8. The scenario testing apparatus of a driving control system according to claim 6, wherein the preset variations comprise: randomly changing the starting and ending points of a vehicle, randomly changing the signal light sequence, randomly changing the NPC vehicles, or adjusting the interference intensity of the NPC around the vehicle under control.

9. A medium, the medium stores a program instruction set readable by a machine, wherein when the program instruction set stored in the medium is read and executed by the machine, the scenario testing method of a driving control system according to claim 1 U can be implemented.

10. A device, the device comprises a processor and a memory; a program instruction set is stored in the memory, wherein when the program instruction set stored in the memory is loaded and executed by the processor, the scenario testing method of a driving control system according to claim 1 can be implemented.

11. A medium, the medium stores a program instruction set readable by a machine, wherein when the program instruction set stored in the medium is read and executed by the machine, the scenario testing method of a driving control system according to claim 2 U can be implemented.

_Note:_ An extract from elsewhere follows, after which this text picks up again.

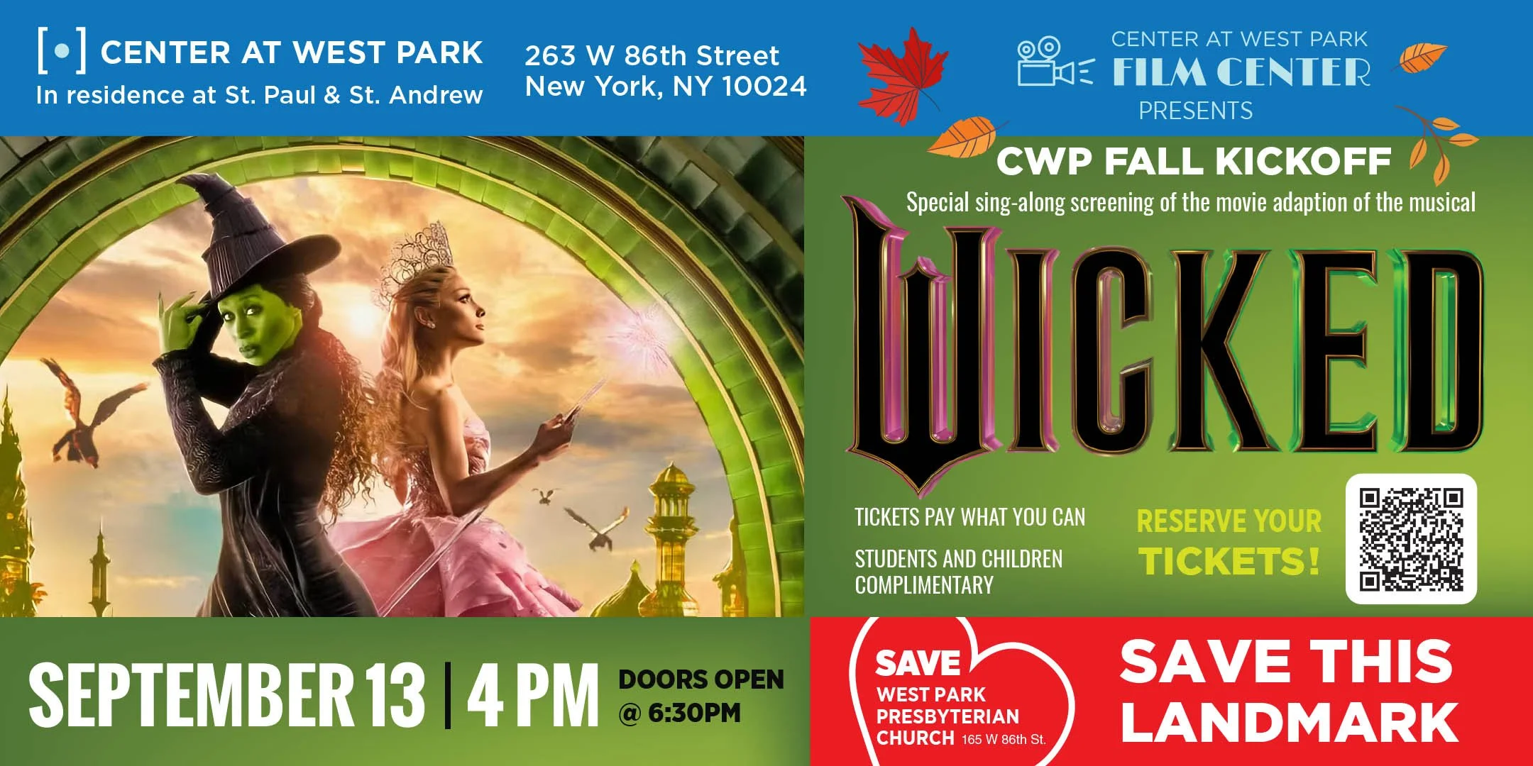Join us September 13th at 4:00 PM for CWP’s special sing-along screening of the movie adaption of the musical “Wicked”.

12. A medium, the medium stores a program instruction set readable by a machine, wherein when the program instruction set stored in the medium is read and executed by the machine, the scenario testing method of a driving control system according to claim 3 U can be implemented.

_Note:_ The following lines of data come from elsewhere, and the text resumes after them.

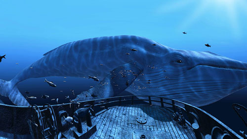 目前游戲一共有3個場景,其中一個是欣賞魚兒、水母的場景,尤其是當(dāng)水母群從你身邊游過,成群結(jié)隊(duì)的熒光會讓整個海底都變得絢麗多彩。另一個場景是在一片漆黑的海底,初入時會覺得有點(diǎn)恐怖。手柄則會充當(dāng)手電筒的功能,照亮前方一塊區(qū)域。在這里你可以看到神秘的燈籠魚和一些其他小魚。當(dāng)然《theBlu》最有名的就是鯨魚的場景啦!此場景的你會站在一艘海底沉船之上,先是看到很多海洋生物,過一會就會從遠(yuǎn)方游來一條巨大的鯨魚。當(dāng)它到達(dá)你身邊的時候,小編真的要說:“Amazing??!”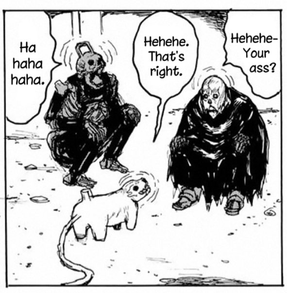 >>287634580>After the baseball and lizard reveals, the Blue Night happens during which sorcerers can do their version of marriage but it can also be mongol style "forced abduction marriage". We learn that Shin was a half N-word (ningen) and lived in The Hole. He killed the brave people who protected The Hole from sorcerers before he left for the sorcerer world. Kasukabe helped him unlock his edgy sorcerer powers. After he entered the sorcerer world, he had still rotten arms from his experiments on his arms. He meets a young Noi in plate armor who heals him and he thanks her by giving her brain damage by hitting her in the head with his hammer.>Later on Shin becomes En's enforcer first, while Noi still trains to be a devil. Two men want to abduct them and make them their "partners" by force. Shin gets mortally wounded, Noi heals him and loses her devil training. Later these two same men - who were explicitly killed in the flashback - are still alive and try to do the same during The Blue Night. Shenanigans ensue, both of them get taken out after they actually win their 1v1s vs Shin and Noi. As a byproduct of this fight, Risu is fully healed (initially En only resurrected his head and gave him a cyborg body) and is allowed to move around independently. The two guys who beat Shin and Noi are taken out with the help of Dorohedoro's new friends, piemakers.>Said piemakers help Dorohedoro again later, when he decides to rescue Nikaido... right, Nikaido and Dorohedoro go to the sorcerer world to... find the guy who made Dorohedoro a lizard. They kill an innocent taxi driver family man because they can't pay him, Nikaido tries to solo En and his whole mansion, loses, but En almost takes out his own family. During Nikaido's loss she gets hit with En's magic that he later on uses to teleport her back to his mansion, that's why she was forced to become his partner during Blue Night.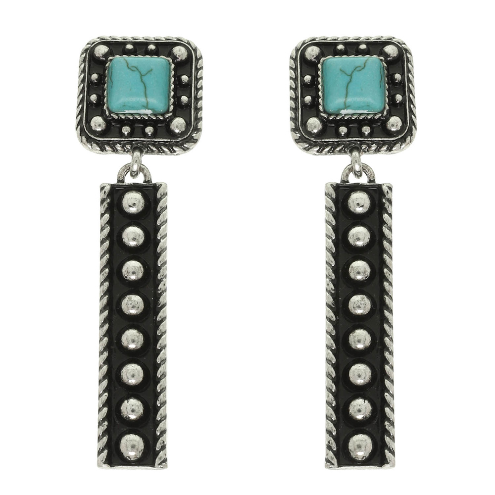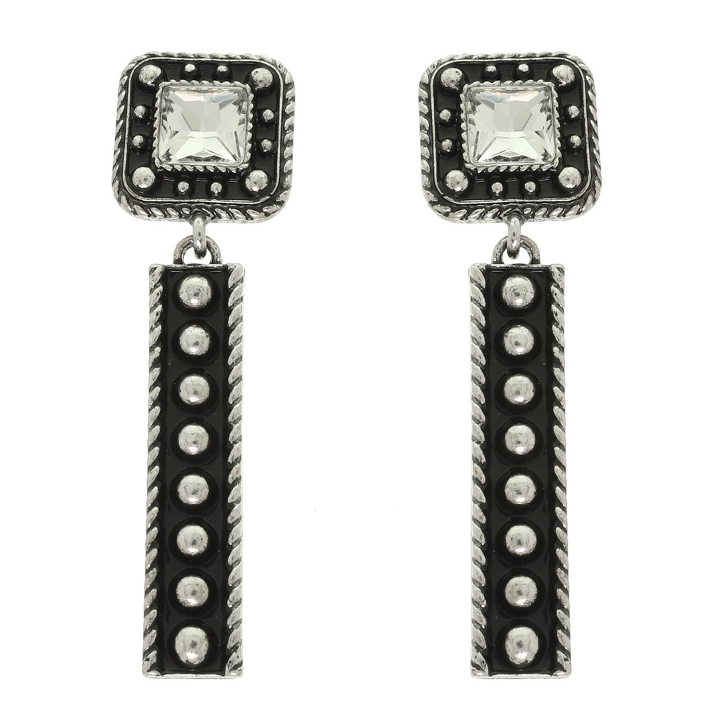 WESTERN SQUARE CONCHO LINEAR EARRINGS WITH CRYSTAL ACCENT IN OXIDIZED SILVER TONE METAL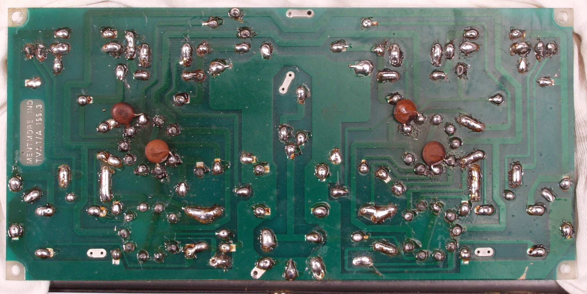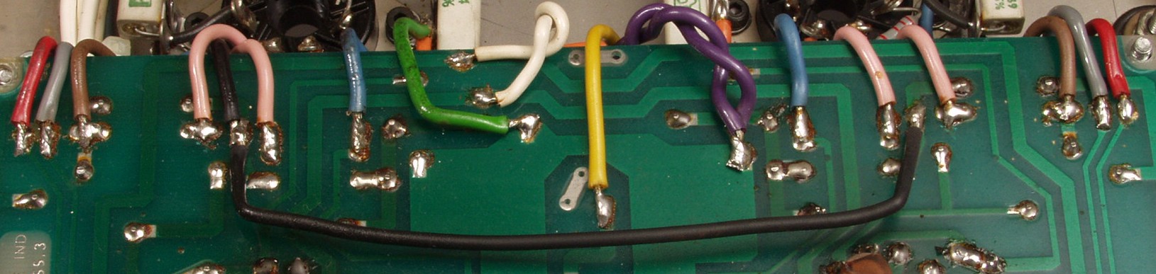 | A32. 修理前点検 前段AMP基板裏へ半田付け? 殆ど素人の仕事! | ||||||||||||||||||||||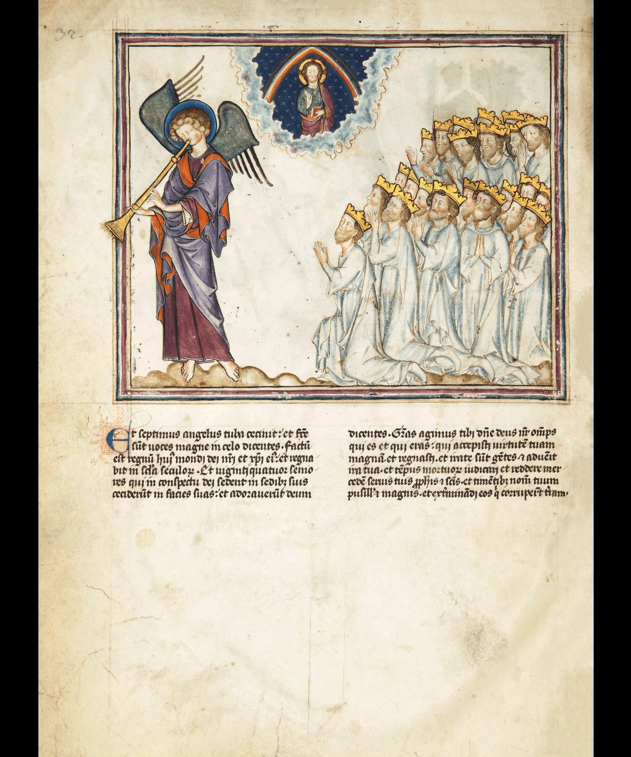 Nonostante la sua difficile lettura e l’ancora più complessa analisi esegetica, per comprendere il testo e il suomessaggio bisogna prendere in considerazione il difficile momento storico in cui l’autore scrisse. Infatti, le persecuzionida parte di Domiziano nei confronti dei cristiani portarono i fedeli a una profonda crisi spirituale. Come Giovanni,influenzato da quei brutali eventi, anche i fedeli dell’epoca me-dievale rintracciarono nel proprio tempo i segnali di decadenzae di bisogno di rinnovamento inneggiati nell’Apocalisse. Fucosì che religiosi ed esegeti presero la profezia come chiavedi lettura del loro presente e futuro. Tra questi, ve ne fu unoin particolare a ravvivare l’interesse per il messaggio esca-tologico tramandato dal testo giovanneo: Gioacchino daFiore (1135 circa-1202), monaco cistercense vissuto du-rante il XII secolo, che portò all’attenzione di classi socialielevate e non una nuova visione della storia e del futuronella sua opera Expositio in Apocalypsim. La fine, cosìcome descritta nell’Apocalisse giovannea, sembravaavvicinarsi e gli eventi storici del tempo sembravano confermarlo. Il testo neotestamentario venne spessocopiato, dando vita a cicli illustrativi complessi, rea-lizzati per opere sia di piccolo sia di grande formato.L’iconografia divenne ricorrente, sia per la decora-zione delle pagine dei manoscritti sia per gli in-terni delle chiese. Databile al secondo quarto del XIV secolo circa e realizzato probabilmente nel nord della Francia, in Normandia occi-dentale, questo esemplare è stato spesso inserito in una specifica categoria di manoscritti contenenti l’Apocalisse gio-vannea, ovvero quella anglo-francese. In particolare, però, questo esemplare presenta due manoscritti ’fratelli’, simili senon addirittura uguali dal punto vista iconografico e stilistico (Londra, British Library, Add. ms. 17333, Val-Dieu Apocalypse,e New York, Metropolitan Museum of Art, Cloisters Collection, ms. 68.174, Cloisters Apocalypse). |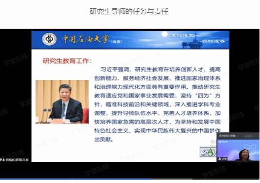 培训依托学堂在线“雨课堂”平台组织实施,内容涵盖立德树人、导师职责、指导方法、心理学知识、廉政教育等五个方面,为导师提供师德师风、导师能力提升的高品质学习资源,旨在规范师德师风,提升业务素质,提高育人能力,确保政策、制度和措施在指导环节落地见效,让导师真正成为研究生成长成才的指导者和引路人。参加培训的导师们,沉浸式倾听,互动式交流,学习氛围良好。

13. A medium, the medium stores a program instruction set readable by a machine, wherein when the program instruction set stored in the medium is read and executed by the machine, the scenario testing method of a driving control system according to claim 4 U can be implemented.

14. A device, the device comprises a processor and a memory; a program instruction set is stored in the memory, wherein when the program instruction set stored in the memory is loaded and executed by the processor, the scenario testing method of a driving control system according to claim 2 can be implemented.

15. A device, the device comprises a processor and a memory; a program instruction set is stored in the memory, wherein when the program instruction set stored in the memory is loaded and executed by the processor, the scenario testing method of a driving control system according to claim 3 can be implemented.

16. A device, the device comprises a processor and a memory; a program instruction set is stored in the memory, wherein when the program instruction set stored in the memory is loaded and executed by the processor, the scenario testing method of a driving control system according to claim 4 can be implemented.